So I've read the Khronos docs over and over again and I still can't figure out when it is the correct situation to use a mem_fence. The explanation is somewhat imprecise: I understand that it tells the compiler not to reorder memory loads and stores across the fence, BUT:
1. Which loads and stores should be a concern? For example, it seems reasonable that the following could be problematic (Listing 1 - it's my code). I am loading from a global, modifying, then storing back. But, is it truly expected that the compiler could reorder these loads and stores so they could happen in the opposite order?
2. In the same listing, is it only the original global that is of concern (if at all), or is the second global a problem too.
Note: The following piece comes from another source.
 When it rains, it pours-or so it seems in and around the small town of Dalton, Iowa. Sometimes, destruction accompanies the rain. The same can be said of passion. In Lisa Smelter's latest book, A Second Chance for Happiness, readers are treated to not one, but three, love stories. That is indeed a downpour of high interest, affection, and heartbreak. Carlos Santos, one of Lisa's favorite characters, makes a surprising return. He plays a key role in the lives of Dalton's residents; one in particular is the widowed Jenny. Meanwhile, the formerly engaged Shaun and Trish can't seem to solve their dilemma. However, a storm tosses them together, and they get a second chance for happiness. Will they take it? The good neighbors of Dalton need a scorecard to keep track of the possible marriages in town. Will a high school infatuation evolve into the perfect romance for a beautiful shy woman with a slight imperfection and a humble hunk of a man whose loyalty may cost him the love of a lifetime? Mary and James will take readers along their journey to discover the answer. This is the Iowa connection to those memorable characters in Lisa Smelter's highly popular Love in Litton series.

If so, then it seems like all of our code should be littered with mem_fences, since every kernel pretty much boils down to load from global, do stuff, store to global.
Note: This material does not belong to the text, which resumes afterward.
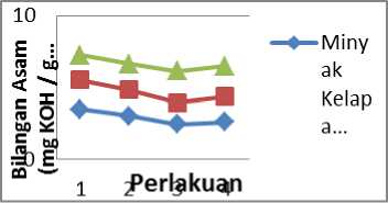 Minyak kelapa B3 mengalami penurunan bilangan asam paling rendah yakni 28,21% kemudian B4 sebesar 20,68% dan B2 sebesar 12,59%. Minyak kelapa C3 mengalami penurunan bilangan asam paling rendah yakni 18,42% kemudian C4 sebesar 14,00% dan C2 sebesar 11,67%.

3. Aside from that, it is clear to me what mem_fence does. But what about its little cousins read_mem_fence and write_mem_fence? What exactly are they preventing the compiler from doing? Is read_mem_fence making sure that all reads happen in the order declared? What is an example of this being a problem? Ditto for the write_ function.
I'd welcome an explanation from somebody who understands them better than I.
I would love to see example code that has a problem that is solved with any of the mem_fence functions.
Thanks!
Listing 1: float4 body = v_bodies[idx]; body.w = 0.0f; ... v_prev_bodies[idx] = body; // save a copy in the vector of previous positions v_bodies[idx] = body; // zero the .w component for correct distance calculation
Thanks, now it makes sense for the read_ and write_ functions.
For the regular mem_fence, it seems that the only way to get the into a situation the requires it, is if you use some kind of casting or pointer magic to access memory. Otherwise the compiler should be able to track the dependencies. Is that correct?
If you had an example of some bad code, it would certainly help illustrate this...
Thanks!